*** Given data ***

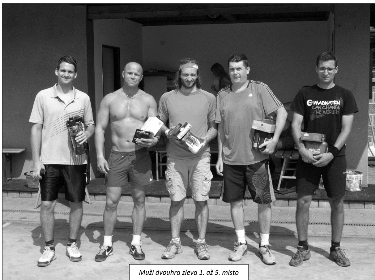
Muži dvouhra zleva 1. až 5. místo
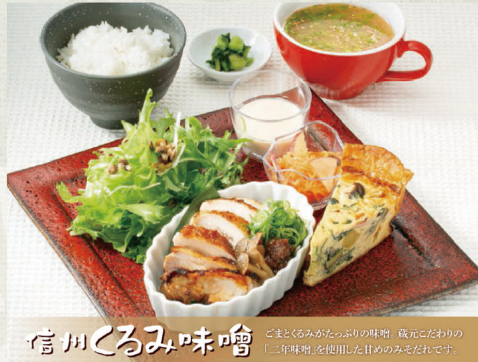
信州くるみ味噌 信州くるみ味噌の鶏もも焼き定食 1,410円(税込1,550円)

一緒にどうぞ 定食注文の方限定 一部珈琲・紅茶料金 半額 ドリンクは右ページからお選びください。
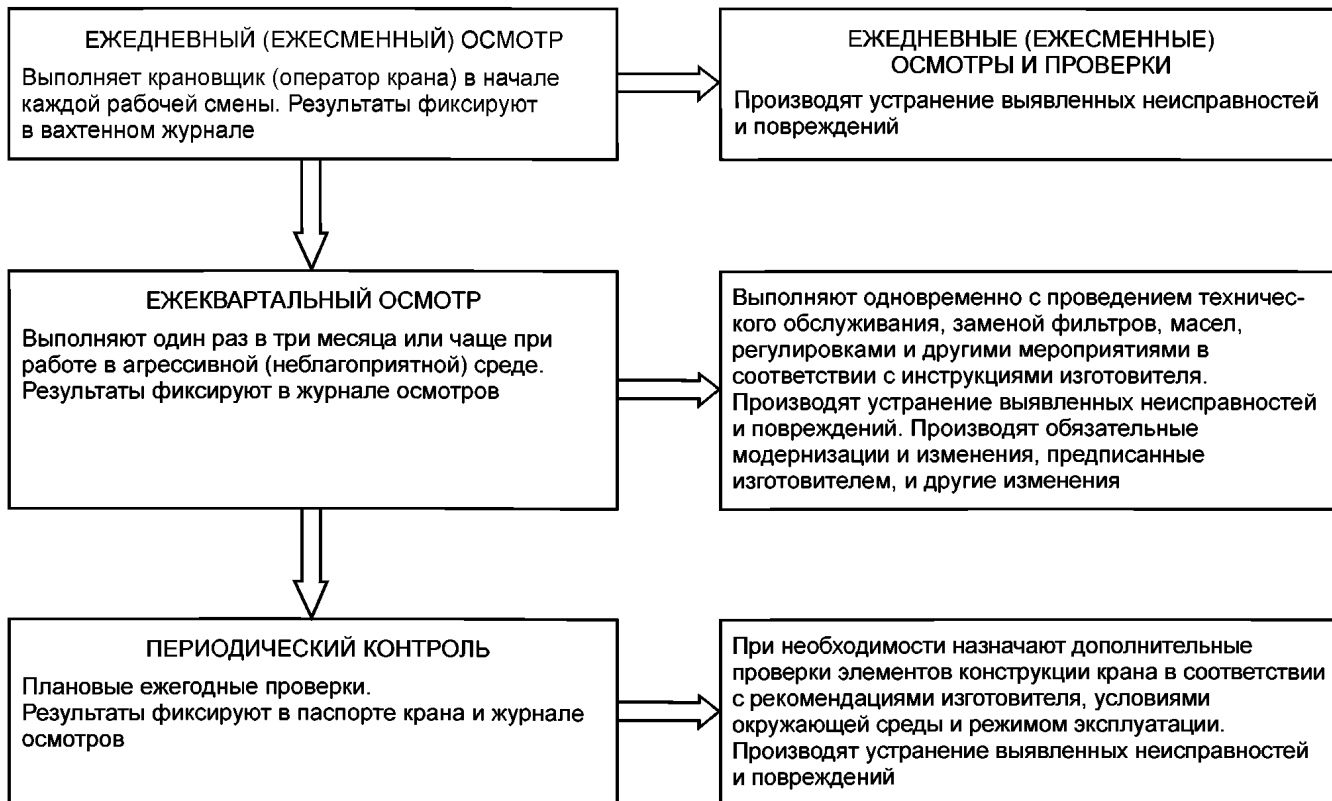
Рисунок Б.1 — Проведение технического контроля при наличии инструкций изготовителя

***

:: Problem to solve ::
From the first line to the last, retype the material exactly and exclude the pictures.

:: Expected answer ::
Muži dvouhra zleva 1. až 5. místo
信州くるみ味噌 信州くるみ味噌の鶏もも焼き定食 1,410円(税込1,550円)

一緒にどうぞ 定食注文の方限定 一部珈琲・紅茶料金 半額 ドリンクは右ページからお選びください。
Рисунок Б.1 — Проведение технического контроля при наличии инструкций изготовителя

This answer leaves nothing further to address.